As commercials were cutting in and out during the timeouts or brief breaks during the Super Bowl LV showdown between the Seattle Seahawks and New England Patriots, I felt like I kept seeing the same slop on the screen over and over again. According to a New York Times article, “A.I. Blitzes The Big Game” out of the 66 commercials run during the game, 15 of those spots were run by an AI company or featured some sort of AI generation involved.
The most disturbing AI-themed commercial was one from the Ring Doorbell company, who are famous for cameras that connect to your iPhone to monitor your home. In their big splash of a commercial, a family loses their dog and the family activates the new “search party” feature on the app. Although the family found their dog using this feature, it revealed that when activated, the ring uses AI to log in to all of the ring cameras in your neighborhood and scan for the dog. This illustrates not only a huge invasion of privacy, but it seems like a complete waste of time. People, thankfully, did not seem to be pleased with the announcement, and Amazon, which owns Ring, canceled its partnership with the camera company involved. But this alone shows that these companies will go to no limits to gather our data and information, as well as invade our privacy for the sake of making more money.

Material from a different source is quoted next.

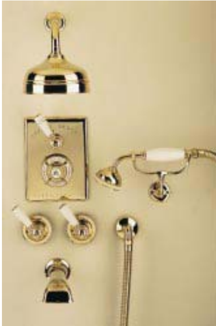
Handpolierte Thermostat-Duscharmatur aus der Godolphin-Palette in Antikgold mit Porzellangriffen für „schlappe“ 7060 Mark

Das Kölner Unternehmen importiert direkt aus England Armaturen, Waschtische, Wannen, Handtuchrockner und andere Ac-

Besides the monetary benefits of some of the changes these companies will make, CEOs like Sam Altman have no shame in making people feel obligated to let AI take control of their mind’s capabilities. Creativity and problem-solving are the reasons AI is where it’s at today, so why do they feel the need to promote slop and have AI do things such as plan your road trip for you, or give answers to your homework? AI is meant to be used to assist, not do. Most people see this, but rich investors and billionaires who don’t even do their own dishes anymore think it’s cool that you can make a painting of an elephant walk two feet. However, the worst commercial of the night by far was a company promoting an AI system that can complete spreadsheets and such for you, so you can “take the work day off.” Is this where we’re going? Is no one doing anything?
Look, I am not against AI and what it could do for people. But, with technology being such a big part of the world, promoting AI as something that replaces human activity altogether is garbage. At least the halftime show was fun.